Traders use technical indicators to understand the supply and demand of securities and market psychology. These indicators form the foundation of technical analysis. Metrics like trading volume offer hints about the potential continuation of a price movement. By analyzing these indicators, traders can generate signals to determine when to buy or sell securities.
Seven of the Best Indicator for Intraday Trading are:
- On-balance volume (OBV)
- Accumulation/distribution line
- Average directional index
- Aroon oscillator
- Moving average convergence divergence (MACD)
- Relative strength index (RSI)
- Stochastic oscillator
You don’t have to use all the technical indicators, but instead choose a few that you find useful for making better trading choices. Gain a deeper understanding of how these indicators function and how they can assist you in achieving successful day trading.
- Technical traders and chartists have a range of tools, including indicators, patterns, and oscillators, to generate signals for their trading strategies. These tools may examine price history, trading volume, or momentum.
- Traders often use these tools in combination to make informed decisions. In this article, we explore seven essential tools that market technicians use, which you should become acquainted with if you intend to trade using technical analysis.
Tools of the Trade
Day traders and technical analysts utilize specific tools to aid their decision-making process. These tools, known as charting tools, provide signals for buying or selling securities, as well as identify trends or patterns in the market. Generally, there are two main categories of technical indicators that traders rely on.
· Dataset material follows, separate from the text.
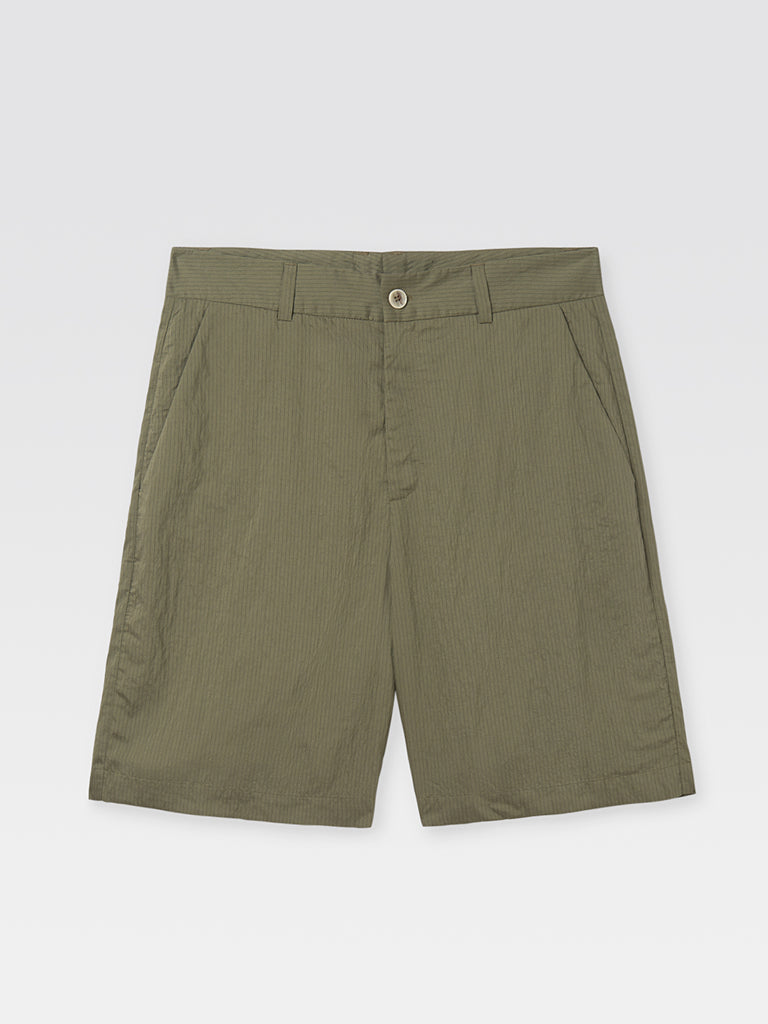 Green striped shorts in technical fabric. Knee-length design with a regular fit, perfect for woman and men. Features a matching fabric waistband, zip and button closure, and slanted side pockets.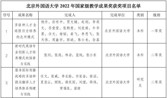 2023年7月,教育部公布2022年高等教育国家级教学成果奖获奖名单,欧博3项成果荣获高等教育国家级教学成果奖,其中《多语种人才全球胜任力培养的欧博模式》荣获2022年高等教育(本科)国家级教学成果奖一等奖,《新时代英语专业创新人才培养模式的探索与实践》荣获2022年高等教育(本科)国家级教学成果奖二等奖,《服务国际传播战略的多语种拔尖翻译人才培养体系构建与实践》荣获2022年高等教育(研究生)国家级教学成果二等奖,获奖等级和数量均实现新突破。

1.Overlays: Technical indicators that share the same scale as prices are plotted on top of the stock chart. These indicators include moving averages, Bollinger Bands, and Fibonacci lines.
2.Oscillators: Instead of being placed directly on a price chart, technical indicators that oscillate between a minimum and maximum value are plotted either above or below the price chart. Examples of such indicators include the stochastic oscillator, MACD, and RSI. In this article, we will primarily focus on these types of technical indicators.
Traders often combine multiple technical indicators to analyze a security. With a wide range of options available, traders need to select the indicators that suit them best and understand how they function. Traders may also integrate technical indicators with subjective forms of technical analysis, such as studying chart patterns, to generate trading ideas. Due to their quantitative nature, technical indicators can also be integrated into automated trading systems.
1. On-Balance Volume
Let’s start with the on-balance volume indicator (OBV), which measures the positive and negative flow of volume in a security over time.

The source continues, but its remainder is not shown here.